"Listen," she began. "I do not ask you to tell me anything more about that night—I do not wish to hear anything. Tell me instead exactly what it is that you want from me!"
"I want nothing more nor less," he answered gently, "than permission to be your friend and to possess a little more of your confidence. I want you to end this mystery which surrounds the things of which I have spoken."
"And supposing," she said thoughtfully, "supposing I find that my obligations to other people forbid me to discuss these matters any more with you?"
"I can only hope," he answered, "that you will not feel like that. Remember that these things must have some bearing upon the disappearance of Mr. Weatherley."
She rose to her feet with a little shrug of the shoulders and walked up and down the room for several moments, smoking and humming a light tune to herself. Arnold watched her, struggling all the time against the reluctant admiration with which she always inspired him. She seemed to read in his eyes what was passing in his mind, for when at last she came to a standstill she stood by his side and laughed at him, with faintly upraised eyebrows, the cigarette smoke curling from her lips.

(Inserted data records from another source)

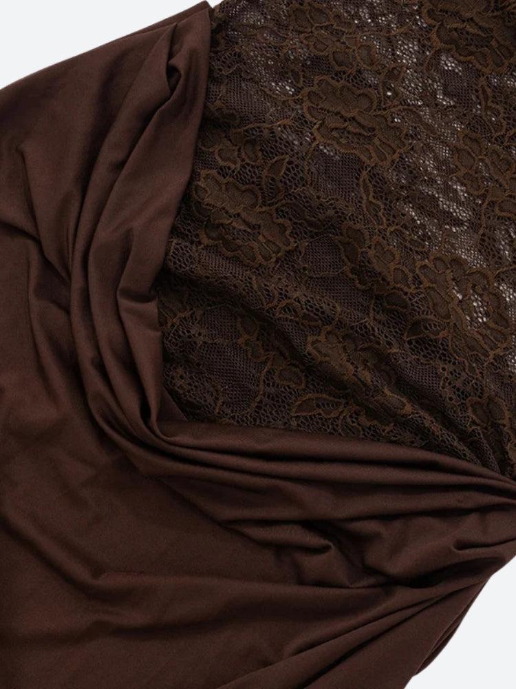 Sultry meets sophistication. The Lace Bodice Maxi Dress stuns with a sheer lace corset top, silky draped skirt, and an off-shoulder neckline that teases just right. It’s elegance with a little edge.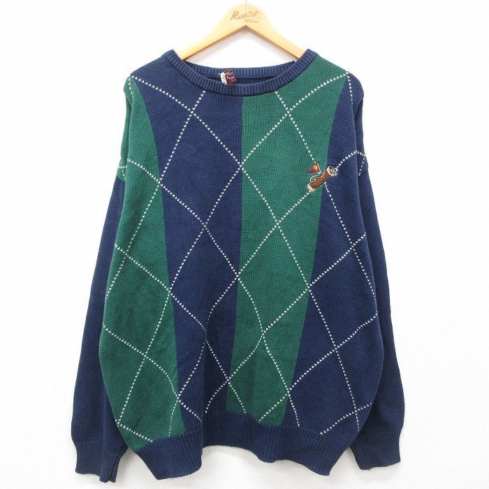 > XL/古着 長袖 セーター メンズ 00s ゴルフ バーズアイ 大きいサイズ コットン クルーネック 濃紺他 ネイビー 24oct11 中古
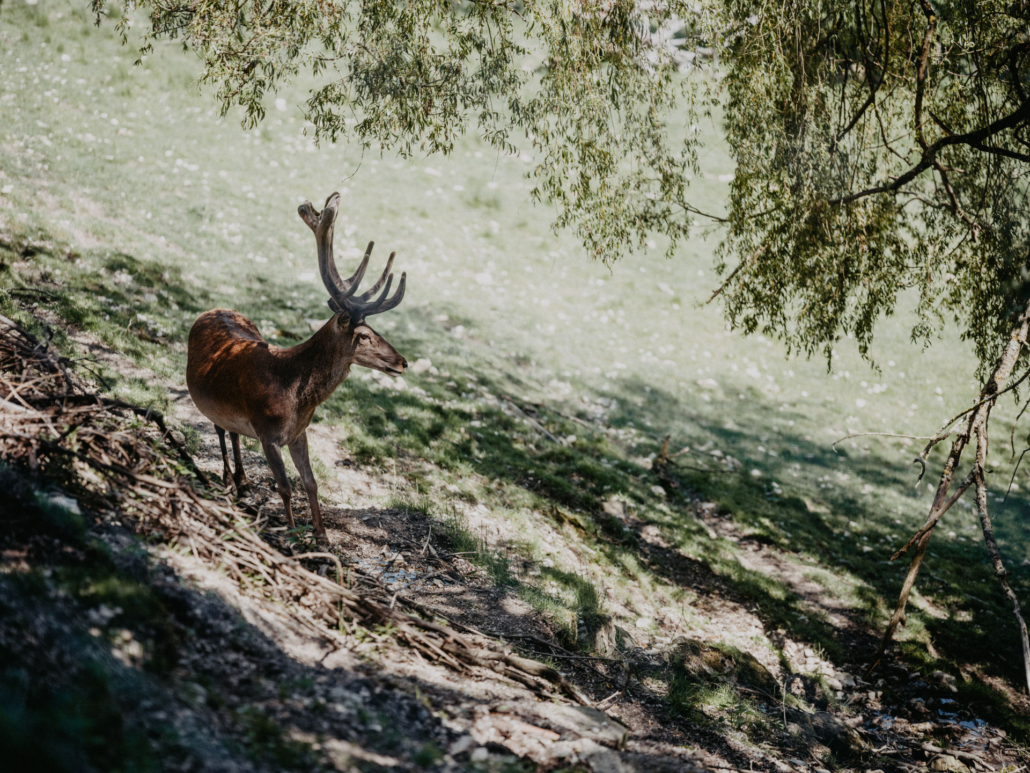 In unserem 9 Hektar großen Gehege haben unsere Dam- und Rothirsche mit ihren Tieren und ihren Kälbern Winter wie Sommer optimale Bewegungsfreiheit und Auslauf in Hülle und Fülle.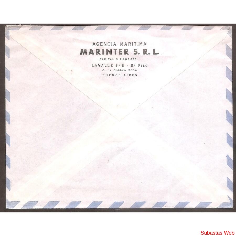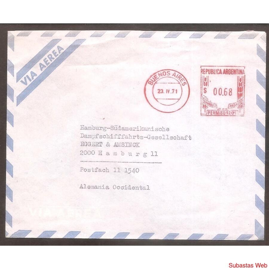 ARGENTINA 1971 SOBRE CIRCULADO NUMERO 168 : Sobre , Circulado el 23 de Mayo de 1971, de Buenos Aires a Hamburgo Alemania, matasello muy claro, sellos: maquina franqueadora , al dorso membretado: AGENCIA MARITIMA MARINTER S.R.L.

"And it was for a luncheon such as this," she protested, "that I wore my new muslin gown and came all the way from the country. I expected compliments at least. Perhaps I even hoped," she whispered, leaning a little towards him, with a smile upon her lips,—half mirthful, half provocative,—"that I might have turned for a moment that wonderfully hard head of yours."
Arnold rose abruptly to his feet.
"You treat men as though they were puppets," he muttered.
"And you speak of puppets," she murmured, "as though theirs was a most undesirable existence. Have you never tried to be a puppet, Arnold?"
He stepped a little further back still and gripped the back of the chair, but she kept close to him.